Spotlight on the Poem: August: Osage County

Drawn from an article by Deborah Kochman (Letts Net):

As homage to his late mentor Howard Starks, Tracy Letts titled his play set in Pawhuska, Oklahoma after Starks’s poem “August: Osage County.” The poem, published in the Oklahoman poet’s book of poetry titled Family Album: A Collection of Poetry (1997), touches on themes of ageing, the passage of time, and the simple, yet poignant, words and actions of loved ones while waiting, sometimes expectantly, for death. Letts’s play delves into similar themes, but the poetic references extend beyond August: Osage County’s thematic commonalities with its progenitor. Throughout the play — but most significantly in the prologue – more than a dozen references to poets and poetry create a strong sense of the nostalgia and irony characteristic of postmodern works. As Courtney Elkin Mohler explains, the play “articulates a kind of ‘ironized nostaligia’” and “can be read as a postmodern rumination on the American identity and family in the 2000s.” Not surprisingly, some theater critics, such as Chris Jones, Charles Isherwood, and Teresa Choate, describe August as a postmodern portrait of a dysfunctional contemporary American family replete with alcoholism, drug-addiction, suicide, infidelity, child-molestation, and incest. However, I assert that in this Shakespearean-length tragicomedy the numerous references to poets and poetry are more than mere intertextual references challenging a “master narrative” or criticizing liberal humanism. Rather, in August: Osage County the allusions and references to poets and their poetry, including framing the play with quotes from Eliot’s “The Hollow Men,” point to the diminishment or dismissal of the intrinsic value of poetry in the lives of the Westons — the allegorical representation of Western ideology’s “master narrative.”


“August: Osage County”

by Howard Starks

published in Family Album: a Collection of Poetry
Running Board Press, Durant, OK 1995

Dust hangs heavy in the dull catalpas;
the cicadas are scraping interminably
at the heart-thickened air—
no rain in three weeks, no real breeze all day,
In the dim room,
the blinds grimly endure the deadly light,
protecting the machined air,
as the watchers watch the old lady die.

“I’m eighty-six,” she said: “it’s high time—
now John’s gone.”
And to the town’s new doctor
“You’re a good boy,” (she had a great-grandson
who was older,) “so don’t fiddle around.
When fighting was needed, I fought –
But I’m all fought out.”
and later—
“John left when he was due—well—I’m due now,”
“I promise, “ he whispered;
I’ve learned when right is right.”

Now, her daughters sit – – and her grand-daughters –
and at night, her grandsons- –
and her pampered sons-in-law.
One of these, not known for eloquence – –
or tears—said, last week,
“Ola, chance gave me a mother,
but God gave me two.”
She smiled at that,
“yes, I had one boy; god gave me seven more.”

She lies under the sheet,
Thin as one of her old kitchen knives,
honed by years and use to fragile sharpness,
but too well-tempered to break just yet.

It’s two days since she spoke—
“Don’t cry, Bessie;
puppies just die, that’s all.”
(A girl again,
gentling baby sister.)

All the watchers can do
is wipe her dry mouth with gentle wetness.
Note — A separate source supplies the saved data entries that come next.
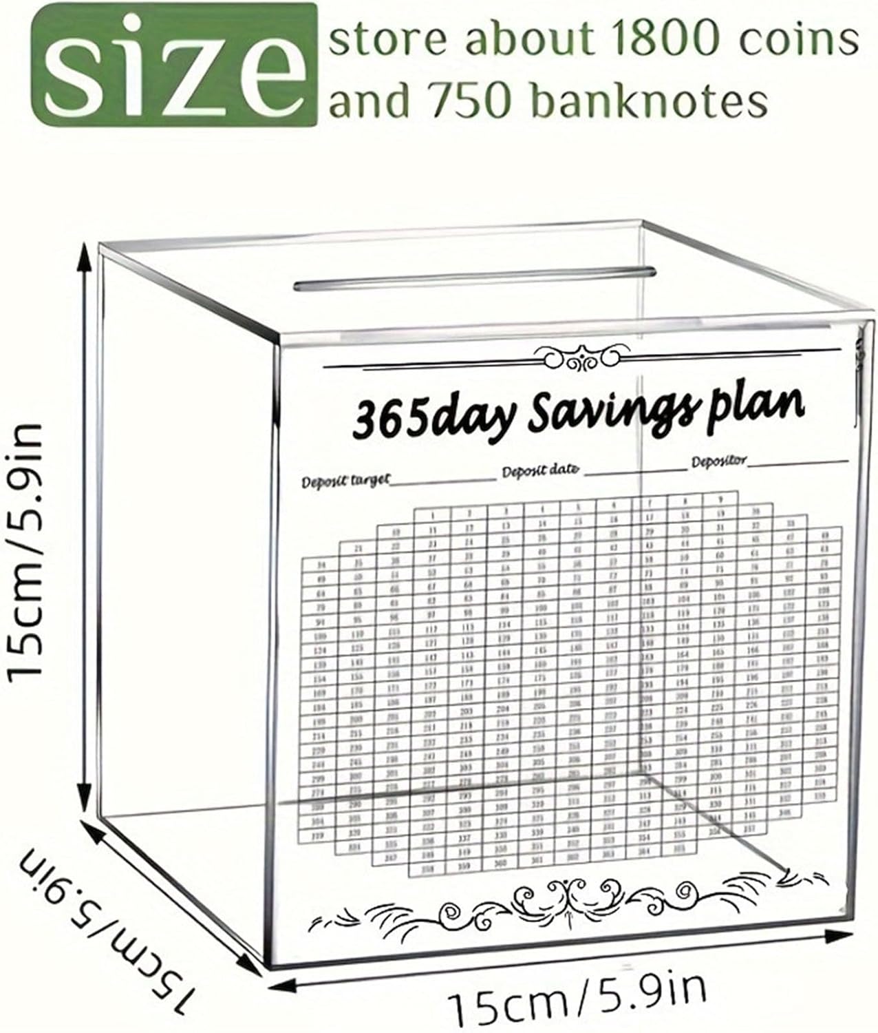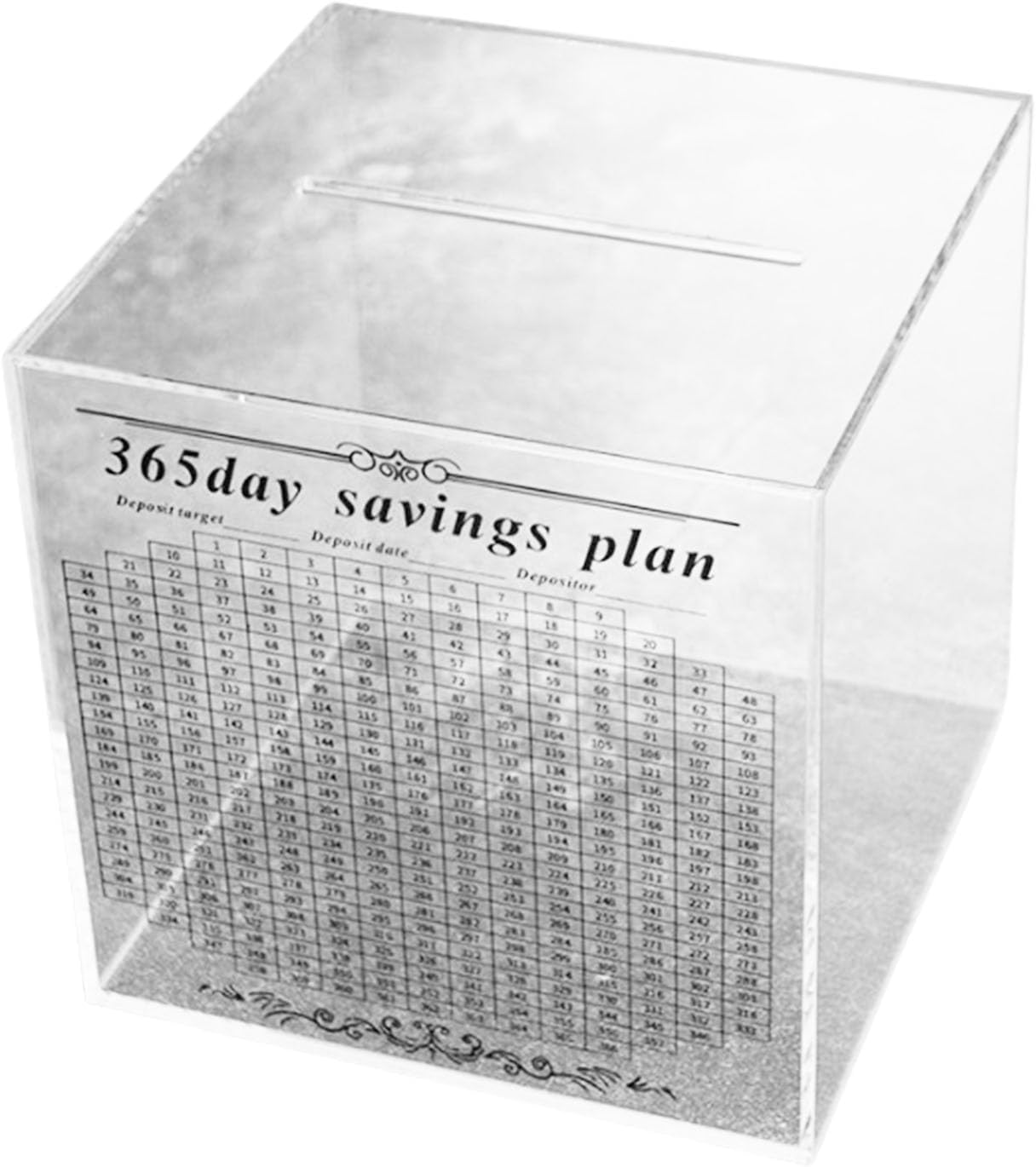 Un senso di realizzazione con questo risparmio di denaro; non solo un regalo, ma un trampolino di lancio verso un viaggio di fidanzata/famiglia verso idee finanziarie Abbraccia la sfida di 365 giorni con il nostro innovativo vetro risparmio di denaro, un potente strumento ideale per aumentare la tua disciplina finanziaria e raggiungere il tuo obiettivo di risparmio Hanno una funzione unica di conto alla rovescia, questo barattolo di risparmio blocca il tuo deposito quotidiano, nessun prelievo e consente di impostare sia gli importi target che le frequenze di deposito per tracce di progresso univoci Risparmio di denaro perfetto per il posizionamento in case, uffici o scuole Ideale per individui o famiglie che si sforzano di coltivare abitudini di salvataggio, in particolare spese impulsive come studenti e aspetto professionale, per gestire meglio le loro finanze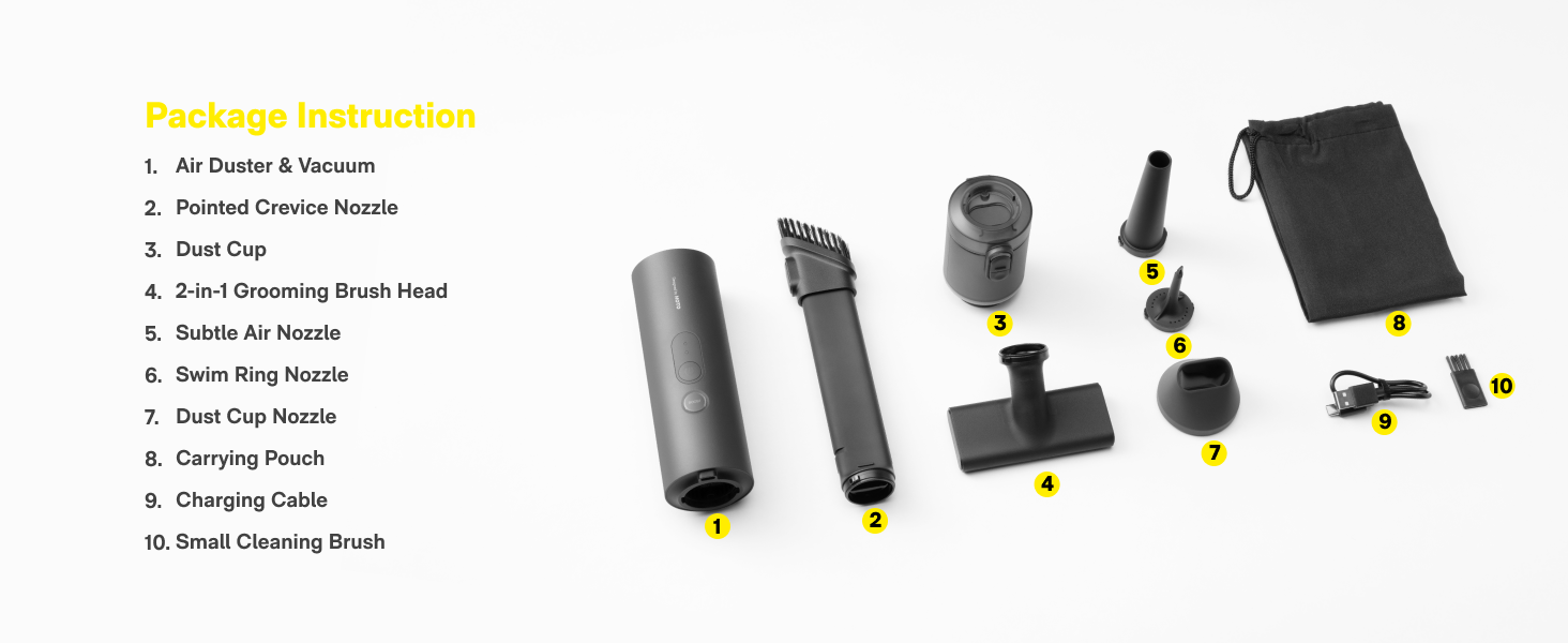 - FIVE MULTI-ACCESSORIES FOR ANY CLEANING CHALLENGE: 2-in-1 grooming brush head for hair on sofas, carpets, car seats.Pointed crevice nozzle for narrow deep gaps like car seat gaps, keyboard spaces.Subtle air nozzle for vacuuming and blowing. Dust cup nozzle for large debris.Swim ring nozzle for inflating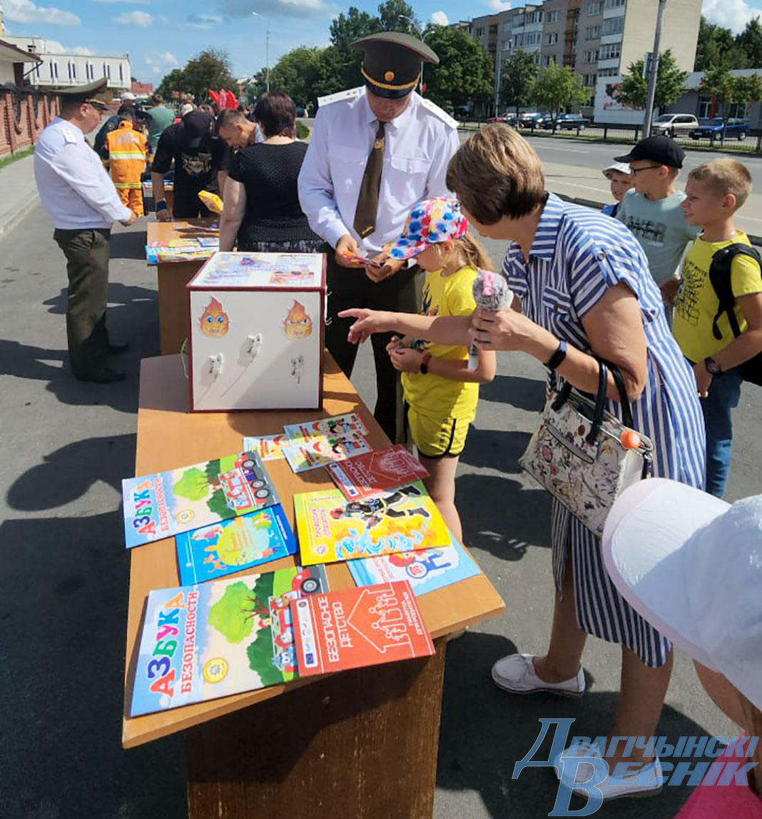 Рядом с показом пожарной аварийно-спасательной техники развернули свою работу тематические площадки РОЧС, где ребятишки с удовольствием играли в игры на тему пожарной безопасности: «Безопасное детство», «Волшебные пазлы». Огромный интерес вызвала площадка с боевой одеждой спасателя, площадка с планшетом, где было представлено приложение «МЧС Беларуси – помощь рядом» и «Куб безопасности».

They watch her old hands and murmur—
How many biscuits
and pans of gravy?
How many babies soothed
and bee-stings daubed with bluing?
How many lamp-wicks trimmed?
How many berries picked?
words circling
as her quiet breath winds down to silence.

No sobs, for she was due, but tears, a few,
selfish ones,
before the calls, the “arrangements”
to put her to bed, beside John,
on the dusty hilltop.

Standing there,
we look up from the dry clods
and the durable grey stone,
upwards—
expectantly—
westwards—
where the clouds grow dark.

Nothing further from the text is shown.